In my suggestion that effective distance will become minuscule eventually as a rule as everyone at some point would decide to specialise more and when they do the time cost becomes extreme, down to virtual trivial values in focus training over possibly tens of days.

So instead we get all kinds of pilots able to do all kinds of things and devaluing other pilots who would like to specialise in those areas but the competition is insanely high to do anything worthwhile with it; There is not much use for professionals when anyone can be a professional in anything at the same time, there is nothing to improve in in the current system, this is the fundamental point which causes the problem and why my solution is so well fitting.


Do you know what's better than the effective distance becoming 'miniscule eventually'? Becoming zero much sooner.

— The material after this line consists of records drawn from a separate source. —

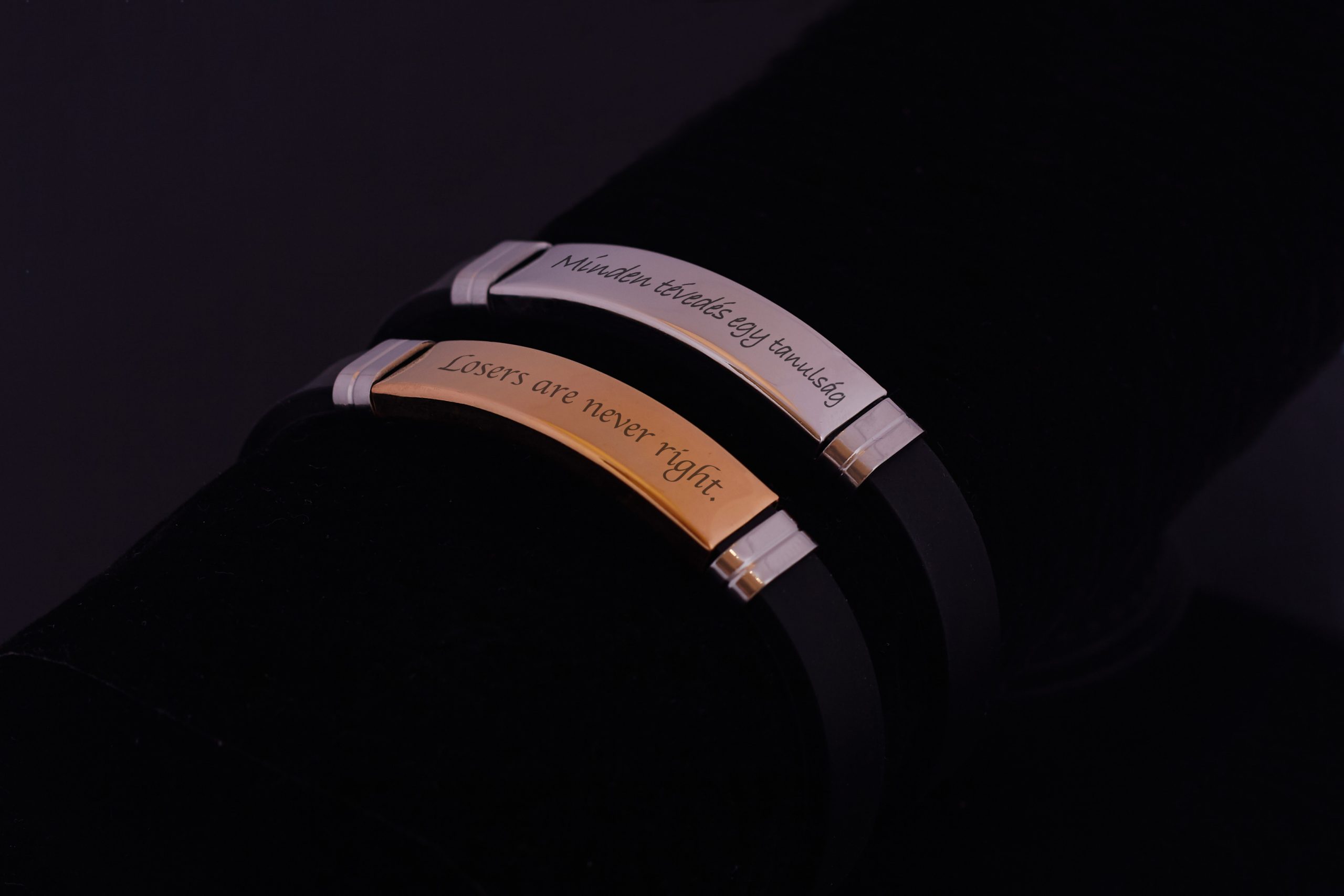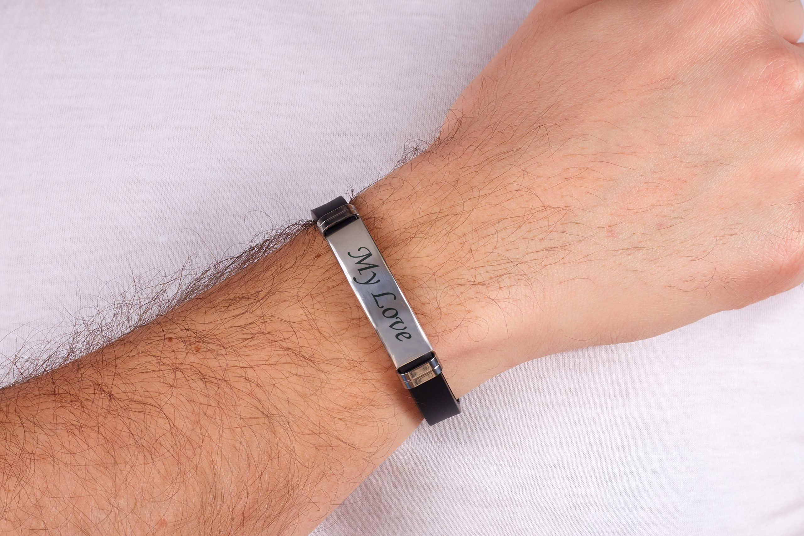 Férfi karkötőnk rozsdamentes acélból készült, mely egy szilikon pánton van rajta. Így ez egy masszív és kiváló minőségű termék, melyet az egyedi gravírozás igazán különlegessé tesz.
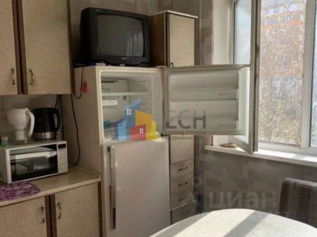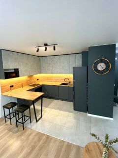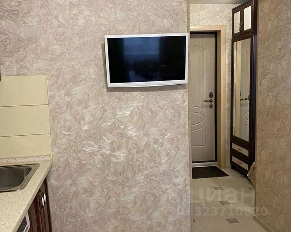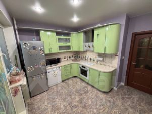 Большая 10-ти метровая кухня с полным комплектом бытовой техники (встроенные: большой холодильник, варочная панель, духовой шкаф, СВЧ-печь, посудомоечная и стиральная машины, вытяжка, подсветка, телевизор 32 диагонали), фартук выложен плиткой.
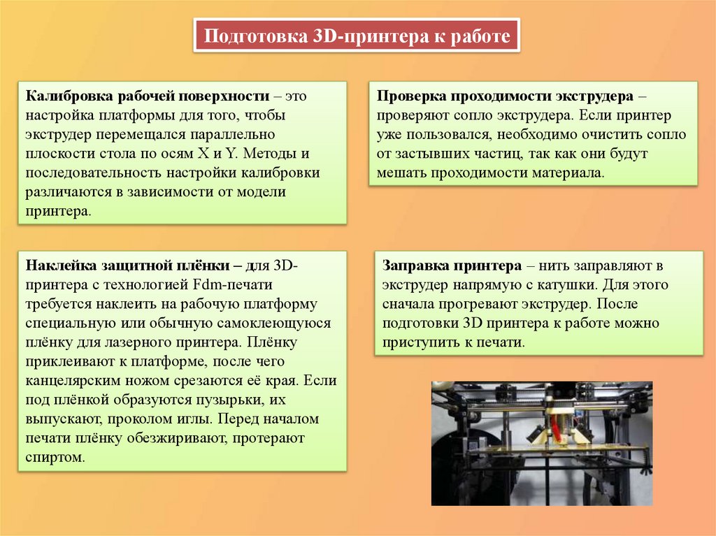 подготовки 3D принтера к работе можно
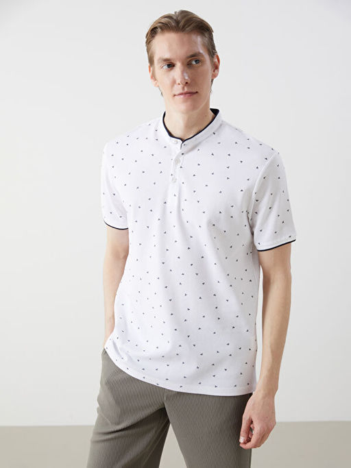 Hakim Yaka K?sa Kollu Desenli Erkek Ti??rt
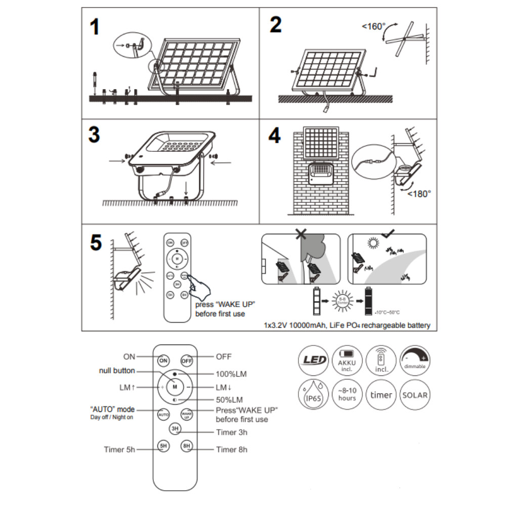 Napelemes fali LED lámpa mozgásérzékelővel, távirányítóval, melegfehér - Solar Globo 36487
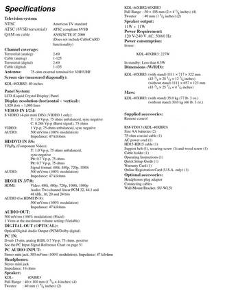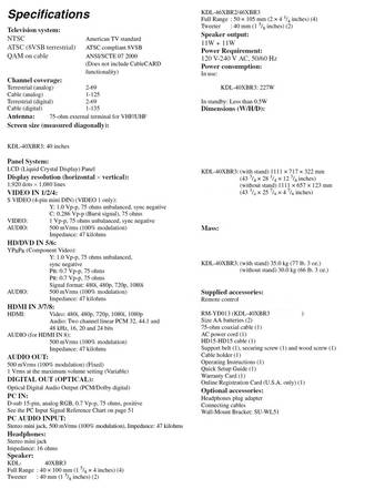 SONY BRAVIA TV / Monitor 40" View (Analog and Digital I/O)...

So you're saying your idea is so you can become a hyper specialist and better than everyone else in a certain task. Or another way of saying noobs cant easily compete with you, thanks.

SOL Ranger wrote:


If anything the new player has a greater chance of actually catching up in total and relative usefulness as generic scattered training by veterans will be very rare, also in some area of expertise will he perpetually close the gap as the veterans are sitting and wasting huge amounts of time on minuscule benefits on the high end.



No he does not. Why would the vet not have scattered training AND specialisation? He has all the SP the noob has plus more. Why would he not have the same extact SP allocation as the noob plus extra SP in every skill?

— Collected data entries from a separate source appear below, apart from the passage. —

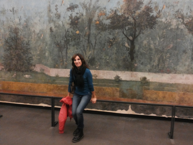 Nel giardino dipinto della villa di Livia, la moglie di Augusto, a Prima Porta. L'affresco è stato staccato e rimontato perfettamente nella sala del museo..che pazienza. E che bel lavoro!
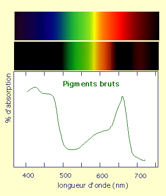 Le mélange de pigments bruts absorbe principalement dans le bleu (< 450 nm) et le rouge (650-670 nm).
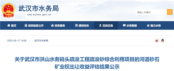 6月17日,湖北省武漢市水務局發布《武漢市洪山水務碼頭疏浚工程疏浚砂綜合利用》項目的河道砂石礦業權出讓收益評估報告。根據報告,本次評估利用資源量即疏浚砂上岸總量12.03萬噸,估值44.36萬元。產品方案為細砂,江砂坑口平均銷售價格83.8元/噸(不含稅)。
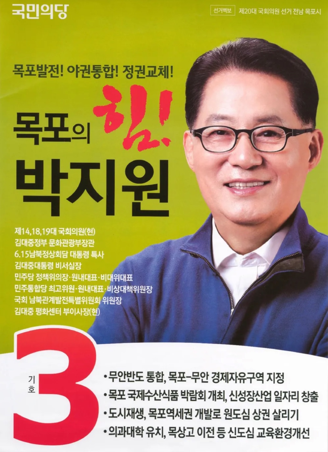 | 2016 | 제20대 국회의원 선거 | 전남 목포 | 국민의당 | 56.38% | 당선 (4선) |
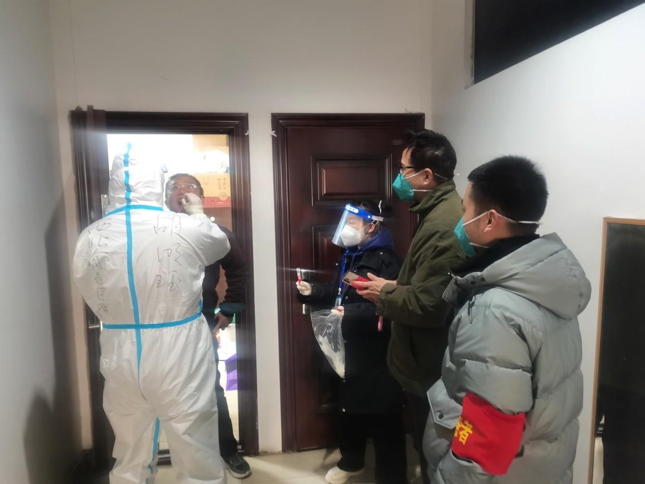 “請(qǐng)大家有序排隊(duì),逐一掃碼、登記、做核酸,隔離期間不要出門?!痹趦杉瘓F(tuán)總部職工宿舍外,下沉一線的志愿者趙山順帶著社區(qū)醫(yī)護(hù)人員為隔離人員上門做核酸。他說:“我是入黨積極分子,就是要積極向黨組織靠攏,在疫情防控的關(guān)鍵時(shí)刻有所擔(dān)當(dāng)?!?
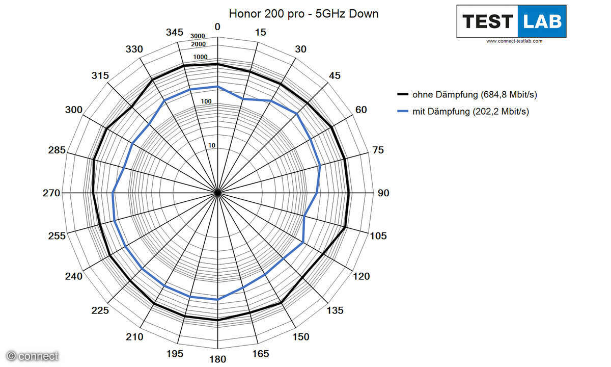 Die Funkeigenschaften setzen das Top-Niveau fort, im 5G-Netz messen wir in allen vier Bändern eine überdurchschnittliche Sendeleistung und eine hohe Empfindlichkeit. Das Honor 200 Pro gehört damit funktechnisch zu den besten 5G-Smartphones auf dem Markt. Im LTE-Netz wird dieses Top-Niveau nicht erreicht. Hier messen wir zudem im Band 7 (2,6 GHz) eine auffällig niedrige Sendeleistung, die im Kontrast zu den ansonsten guten Messergebnissen in den anderen Bändern steht. Wir sind hier in Rücksprache mit dem Hersteller, der an einer Lösung des Problems arbeitet. Die LTE-Einschränkung betrifft einzig die Sendeleistung in Band 7, also den ultraschnellen Upload in dicht besiedelten Zentren. Für die generelle Versorgungsqualität bringt das keine Einschränkungen. Damit werden aber die ansonsten guten Funkeigenschaften in der Gesamtwertung nach unten gezogen.
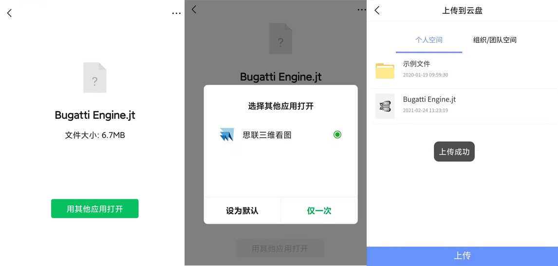首先打开收到的文件--,选择 其他应用打开,选择 思联三维看图,选择需要上传到个人空间或者是你创建的组织/团队空间(上传的组织/团队空间的文件,整个组织内的成员都可以看到,可以更方便的办公)
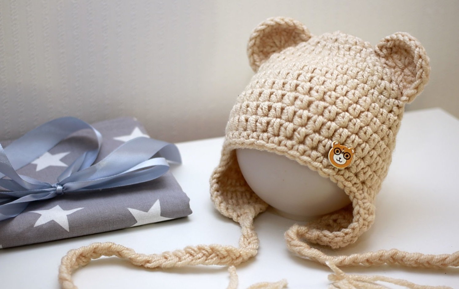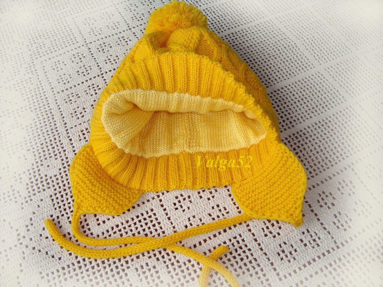 Детские вязаные шапки с завязками
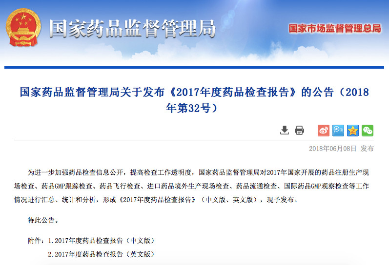 昨日(6月8日),國家藥監局發布《2017年度藥品檢查報告》,對2017年國家開展的藥品注冊生產現場檢查、藥品GMP跟蹤檢查、藥品飛行檢查、進口藥品境外生產現場檢查、藥品流通檢查、國際藥品GMP觀察檢查等工作情況統計分析結果進行公布。
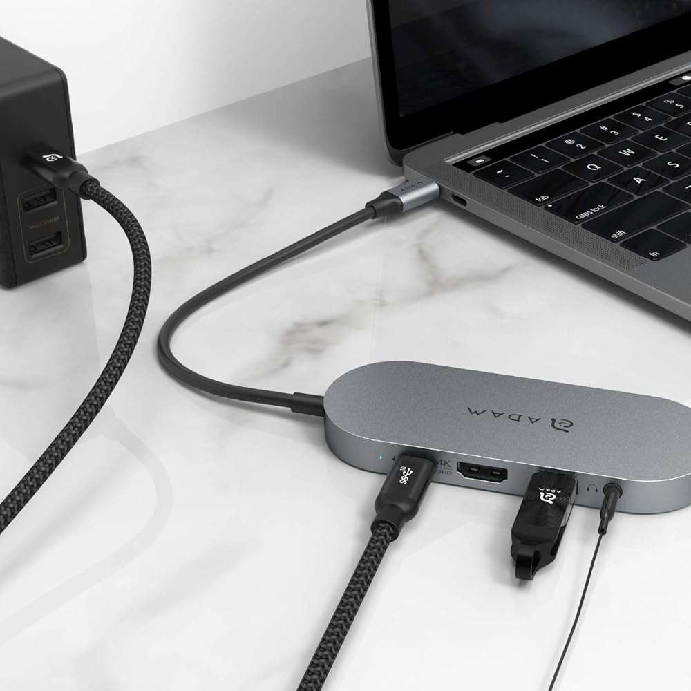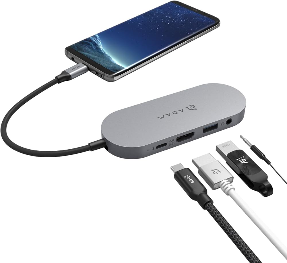 ADAM elements USB-C Hub with SSD Storage (240GB) External Drive with 60W Power Delivery 3.0 Type-C Port, HDMI for 4K30Hz, USB-A 3.1 Port and 3.5 Headphone Jack, Compatible with MacBook Pro, iPad Pro
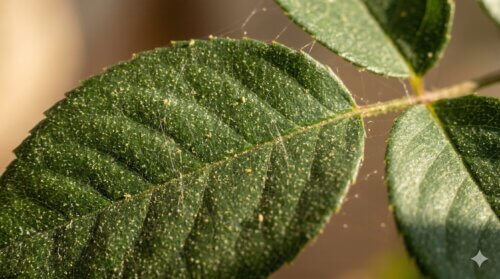 さらに進行すると、葉裏や枝の分岐部にクモの巣のような細い糸が見えることがあります。ここまで来ると、株の上でハダニがかなり増えている可能性が高いです。糸があると薬剤や水が虫体に届きにくくなるため、対処も一段階難しくなります。葉がぱらぱら落ちる、下葉から枯れ上がる、株が妙にくすんで見えるといった変化も重なっていたら、初期ではなく中度以上の被害を疑ってください。

Everything you think your idea does about closing the gap between noobs and vets, the current system does better.

Its only in extreme cases (like below) where a noob hyper-specialises where the vet doesnt, that the noob can become stronger in a role. But if they do this they (as you say): 'are sitting and wasting huge amounts of time on minuscule benefits on the high end.'

SOL Ranger wrote:
Creating fits for the masses isn't an argument for anything, you can still create fits for the masses and you still have to regard skill sets just like now, the difference is you cannot just pick every maximum level skill and think that's a reasonable way to define a fit, you actually have to make compromises.

Your average autistic min/maxer has to take into consideration that maximum level skills are not feasible for such planning, but yet some players can and will improve upon those fits; Some things are better off less absolute and only in such systems does genuine choice and consequence reside.


EVE shouldn't be about predefined patterns and absolutes, it should be about grey areas and compromises, at least that is how I see it.


Why is it not an argument? cause you dont like it?

enabling mass fitting is great for QoL. Standardisation of skills allows me to provide fits/doctrines for my peeps and i know because of the standardisation of skills that not only will the doctrine be competitive but it will not take forever for my corp to train into. If everyone has vastly different skills i dont know where i should put the par level at. I can make it low to be more inclusive but where the doctrine will likely be uncompetitive and unpredictable, or i can make it high where hardly anyone can fly it.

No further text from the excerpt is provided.